» WORK INSTRUCTIONS
The response must be the exact lines from the line holding "This cat eye" through the end of the entries, with no pictures and nothing else.

* * *

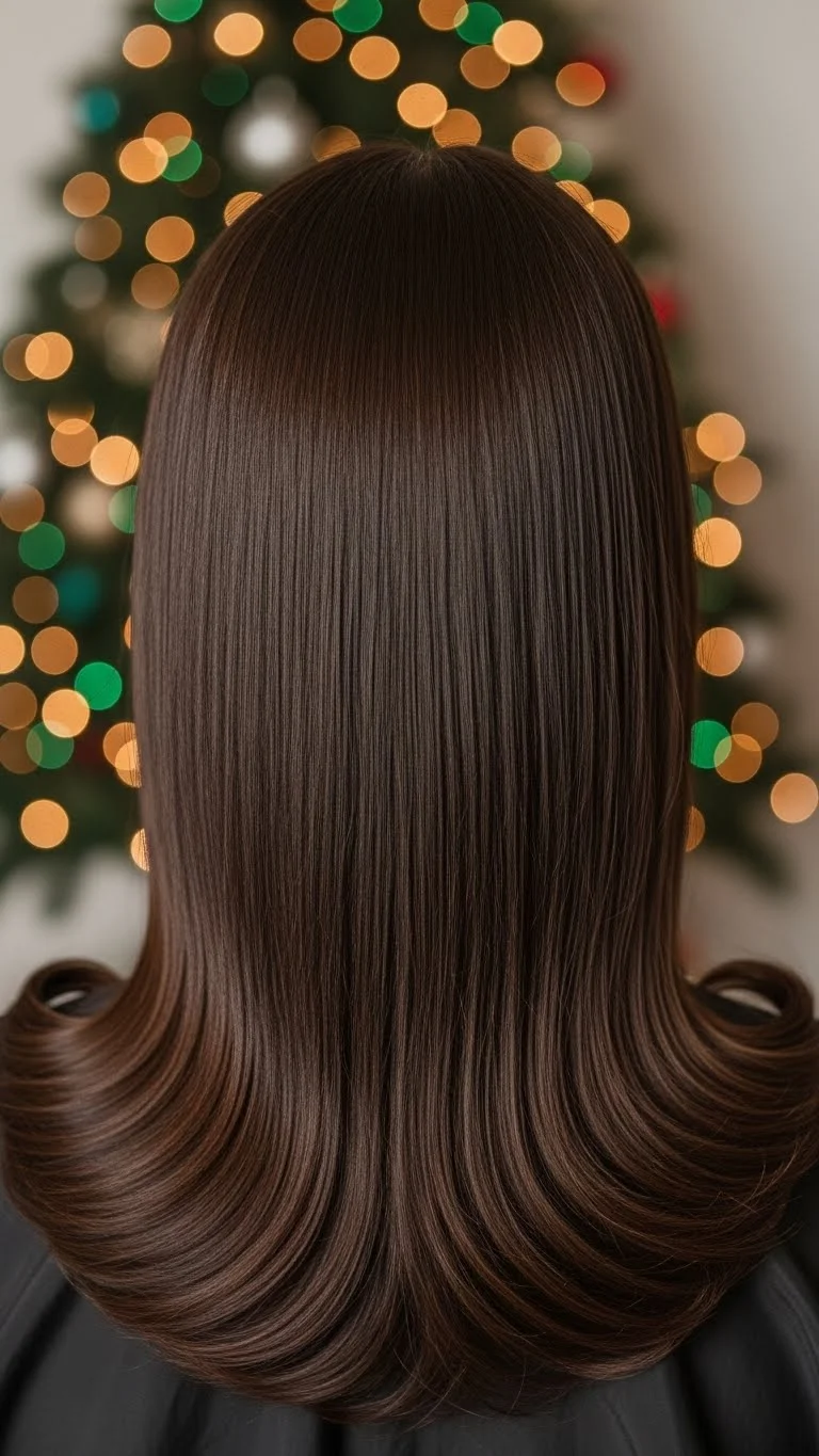 Retro flip ends bring a fun holiday spirit. Straighten your hair first, then curve the ends outward with an iron. This gives a playful, polished look. Add a side part for more shape. A headband with small gems or pearls paired with this style feels festive without costing much. Use a heat protectant first so the ends stay smooth.
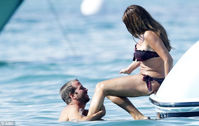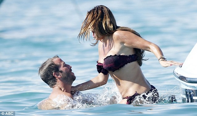 Cô bồ già của Van der Vaart vô tư chỉnh áo ngực giữa biển để tránh sự cố "lộ hàng" đáng tiếc xảy ra. Dù đã là bà mẹ 2 con và thân hình không còn thon gọn nhưng Sabia Boulahrouz vẫn khiến đấng mày râu mê mẩn với vòng 1 đồ sộ, quyến rũ.
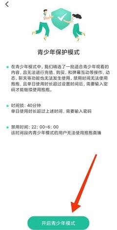 4、点击【开启青少年模式】即可。
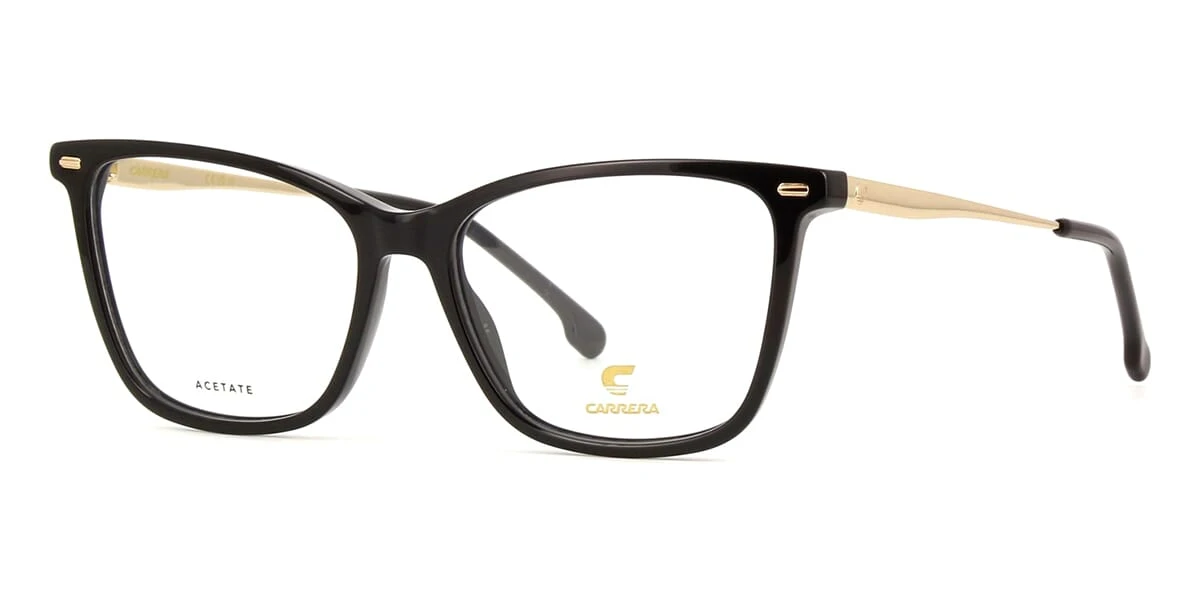 This cat eye Carrera optical comes in a shiny black frame.
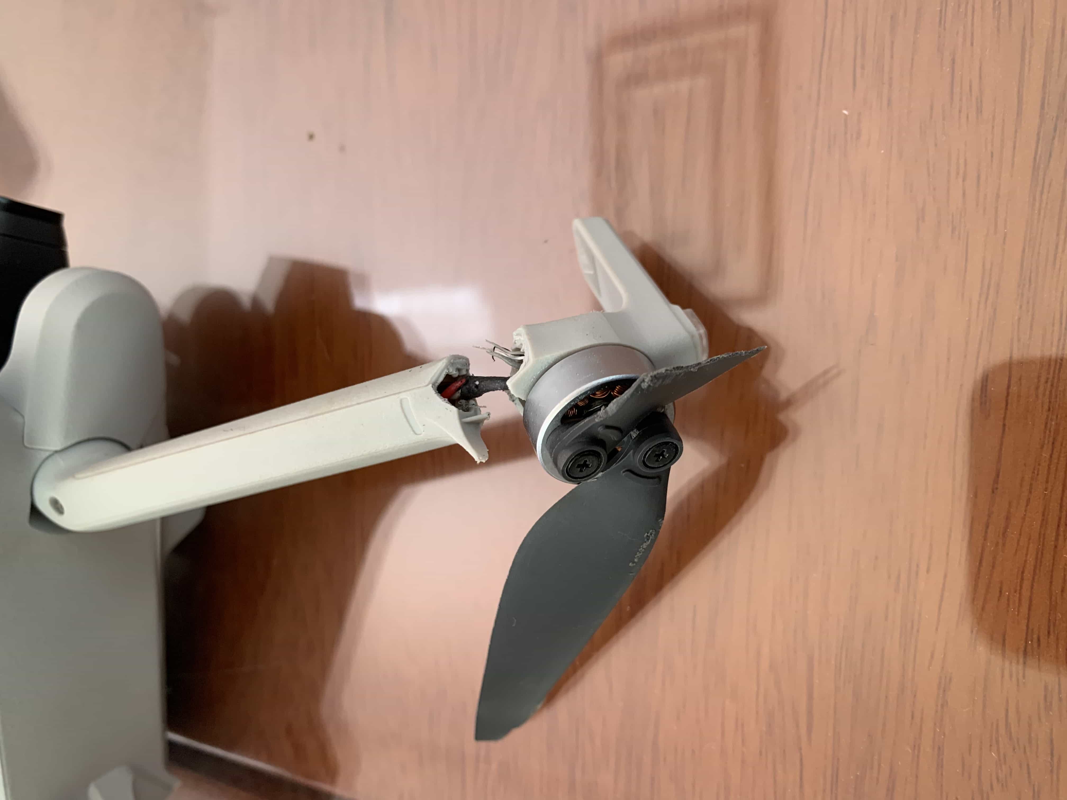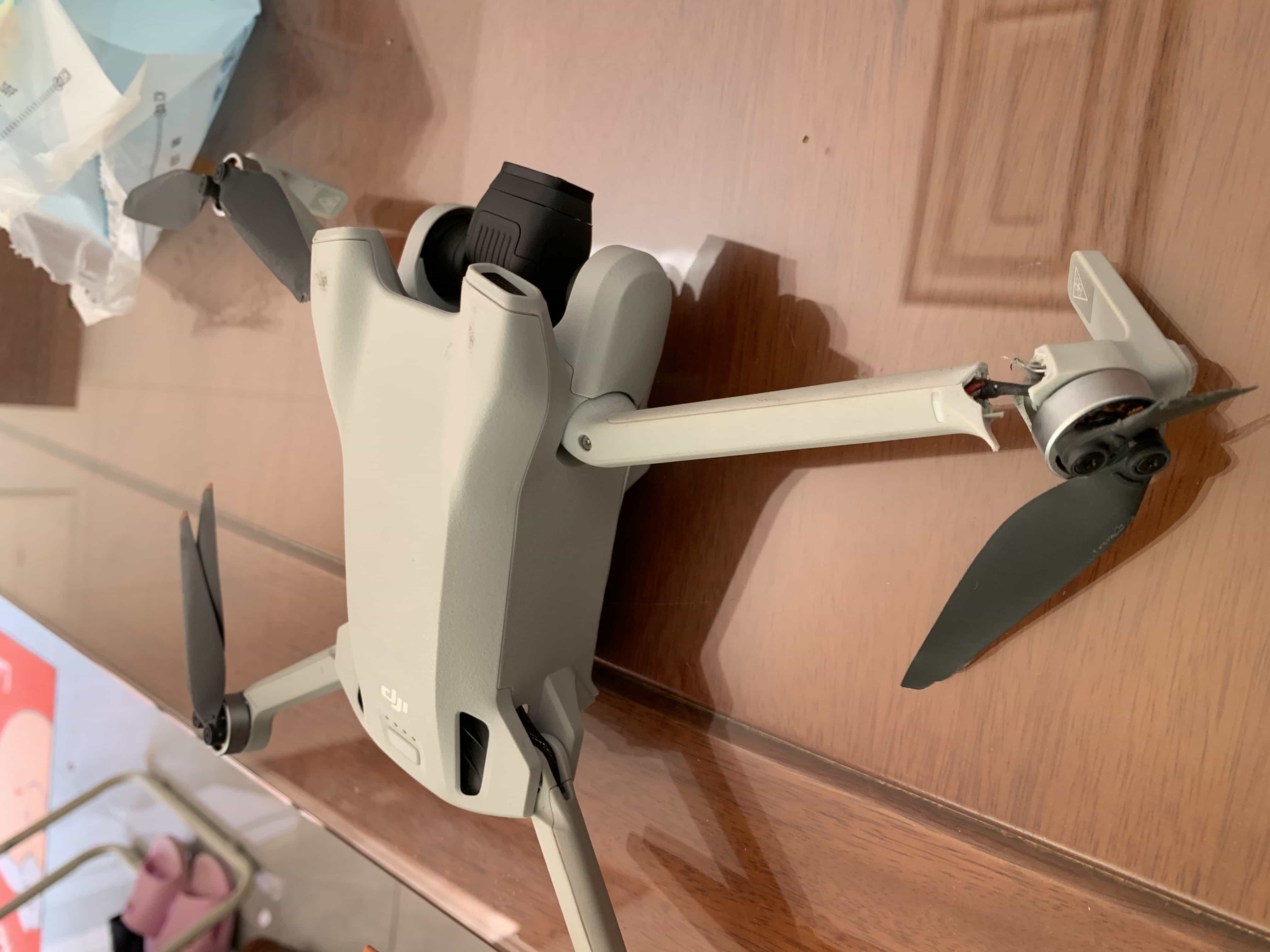 陪伴我317天的DJi mini 3撞击三楼阳台防盗网致使飞机从高空坠落到一楼,造成飞机前右臂靠近螺旋桨的机臂断裂、八片螺旋桨叶片均有不同程度的断裂与磨损、云台下方机身外壳有细微开裂。

* * *

» TASK OUTPUT
 This cat eye Carrera optical comes in a shiny black frame.
 陪伴我317天的DJi mini 3撞击三楼阳台防盗网致使飞机从高空坠落到一楼,造成飞机前右臂靠近螺旋桨的机臂断裂、八片螺旋桨叶片均有不同程度的断裂与磨损、云台下方机身外壳有细微开裂。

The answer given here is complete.